**What is expected**:
The answer must consist only of the lines from the line with "Use the ▲▼buttons" to the line with "ležaljka na suncu", both included, exactly as they stand below.

───── Given information ─────

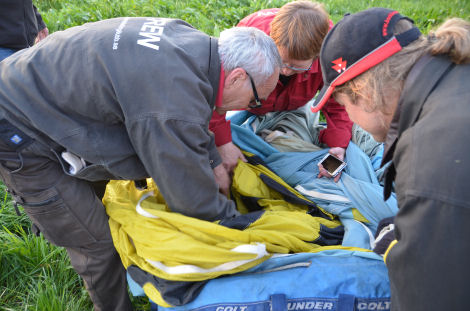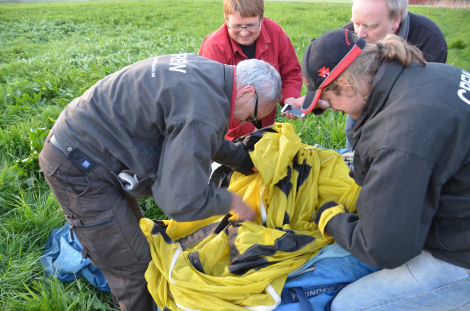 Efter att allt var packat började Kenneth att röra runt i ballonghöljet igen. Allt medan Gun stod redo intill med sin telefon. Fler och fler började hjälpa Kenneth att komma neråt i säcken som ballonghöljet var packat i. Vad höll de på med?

─────
───── Given information ─────

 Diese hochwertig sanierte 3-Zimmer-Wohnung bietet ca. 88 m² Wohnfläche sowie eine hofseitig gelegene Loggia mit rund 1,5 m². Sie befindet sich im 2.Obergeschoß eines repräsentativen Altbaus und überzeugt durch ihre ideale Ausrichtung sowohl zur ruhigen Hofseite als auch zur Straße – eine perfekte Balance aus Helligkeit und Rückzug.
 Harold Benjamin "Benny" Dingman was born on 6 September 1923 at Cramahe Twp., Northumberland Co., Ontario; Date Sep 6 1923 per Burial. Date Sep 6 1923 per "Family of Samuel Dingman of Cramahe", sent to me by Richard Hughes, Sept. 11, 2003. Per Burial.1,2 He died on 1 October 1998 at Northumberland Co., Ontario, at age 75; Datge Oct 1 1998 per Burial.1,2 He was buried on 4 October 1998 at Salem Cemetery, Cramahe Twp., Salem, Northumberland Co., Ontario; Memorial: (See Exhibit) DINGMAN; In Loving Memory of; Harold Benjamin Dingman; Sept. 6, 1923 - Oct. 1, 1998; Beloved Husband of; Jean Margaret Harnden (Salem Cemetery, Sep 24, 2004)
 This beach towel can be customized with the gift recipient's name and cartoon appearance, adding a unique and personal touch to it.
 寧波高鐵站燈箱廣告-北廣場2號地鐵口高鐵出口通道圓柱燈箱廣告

─────
───── Given information ─────

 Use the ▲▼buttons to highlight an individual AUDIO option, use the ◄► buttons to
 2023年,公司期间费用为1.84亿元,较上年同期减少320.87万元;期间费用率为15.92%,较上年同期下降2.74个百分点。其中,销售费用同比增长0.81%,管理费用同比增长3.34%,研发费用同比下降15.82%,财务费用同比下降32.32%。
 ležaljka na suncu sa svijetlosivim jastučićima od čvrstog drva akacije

─────

**Result below**:
 Use the ▲▼buttons to highlight an individual AUDIO option, use the ◄► buttons to
 2023年,公司期间费用为1.84亿元,较上年同期减少320.87万元;期间费用率为15.92%,较上年同期下降2.74个百分点。其中,销售费用同比增长0.81%,管理费用同比增长3.34%,研发费用同比下降15.82%,财务费用同比下降32.32%。
 ležaljka na suncu sa svijetlosivim jastučićima od čvrstog drva akacije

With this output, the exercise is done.